Here, \(x\) is the data point, \(h(x)\) is the path length required for data \(x\) to reach a leaf node, \(E(h(x))\) is the average path length across all decision trees, and \(c(n)\) is the average path length for a dataset of size \(n\). Normal data require many splits to be isolated, whereas anomalous data are isolated with fewer splits, generally resulting in shorter path lengths. This property is leveraged to detect anomalous behaviors.

4. EVALUATION EXPERIMENTS

In this experiment, an Isolation Forest was applied to the feature vectors generated by the proposed method to calculate the anomaly score of each action sequence. Subsequently, the top 5% of the calculated anomaly scores were extracted as anomalous action sequences.

4.1 Datasets

In this study, we used learning behavior log data from 1,446 students, collected via the learning management system BookRoll [73] during lectures conducted at Kyushu University between the 2019 and 2022 academic years. The data consists of seven courses, labeled A through G, which vary in lecture content and instructors. For the experiment, the log data was restricted to activities occurring within lecture hours, and was divided into training data (data up to the 2021 academic year) and evaluation data (data from the 2022 academic year). The logs contain detailed records of learning operations, such as user IDs, operation types, and operation timestamps. Among all operations, NEXT accounts for approximately 61% and PREV for about 27%, meaning these two page transition operations alone constitute nearly 90% of the total.

4.2 Experimental Results

Table 1 presents the results of the anomaly detection. In the evaluation data, while the average number of actions for normal data was approximately 152.2, the anomalous data averaged only 30.6 actions, confirming a significant tendency for fewer actions in the latter group. Examining the grade distribution, the anomalous data group exhibited a higher proportion of F and D grades. Conversely, students with an A grade also accounted for nearly 30% (28.4%) of the anomalous data. This is likely because the detection captured weeks where students exhibited atypical behavior patterns differing from standard learning behaviors, or weeks where the number of actions significantly decreased due to extremely short study times caused by arriving late or leaving early.

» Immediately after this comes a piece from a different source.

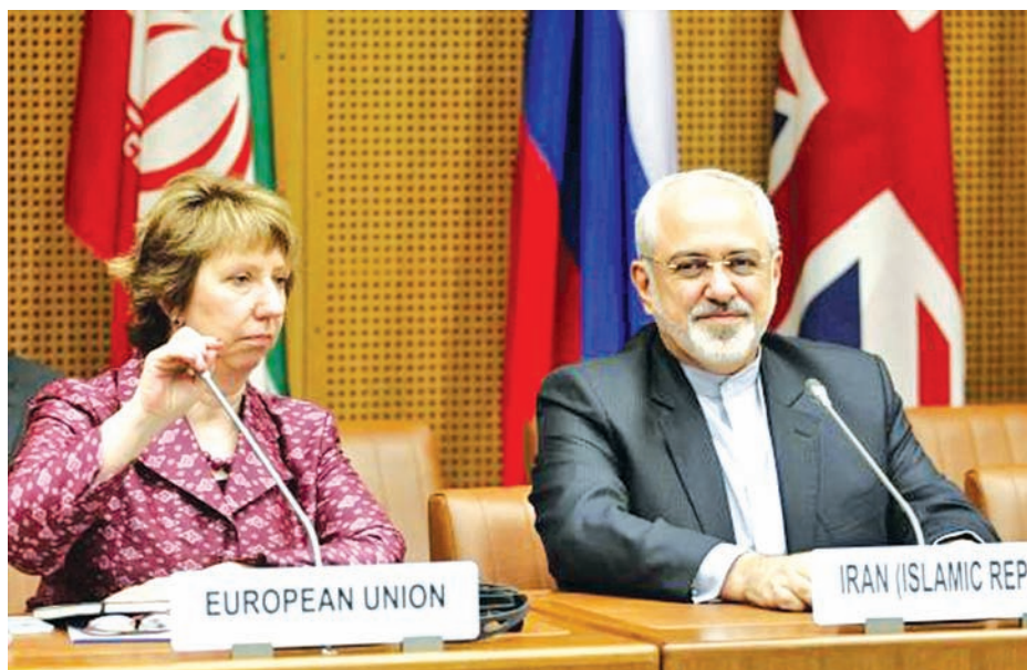
European Union Foreign Policy Chief Catherine Ashton (L) and Iranian Foreign Minister Mohammad Javad Zarif wait to begin talks in Vienna on 3 July, 2014.

Table 1: Results of anomaly detection.
Result Count Ratio [%] Avg. Actions
Grade Distribution [%]
A
B
C
D
F
Normal 1,389 94.9 152.2 38.7 27.1 19.8 9.8 4.6
Anomalous 74 5.1 30.6 28.4 16.2 23.0 21.6 10.8

4.3 Ablation Study on IDF Weighting

To verify the effectiveness of IDF weighting, we compared the anomaly detection results with a model that does not use IDF (the baseline). Table 2 shows the anomaly detection results without IDF. Compared to Table 1, while no major differences were observed between the presence and absence of IDF in terms of the total number of detections or the average number of actions, the proposed method incorporating IDF showed a slight tendency to improve the detection rate of students in the lower academic tiers (F and D grades). Furthermore, approximately 75% (55 instances) of the extracted anomalous data were common to both models, and these were primarily data with an extremely low number of actions, such as immediate exits.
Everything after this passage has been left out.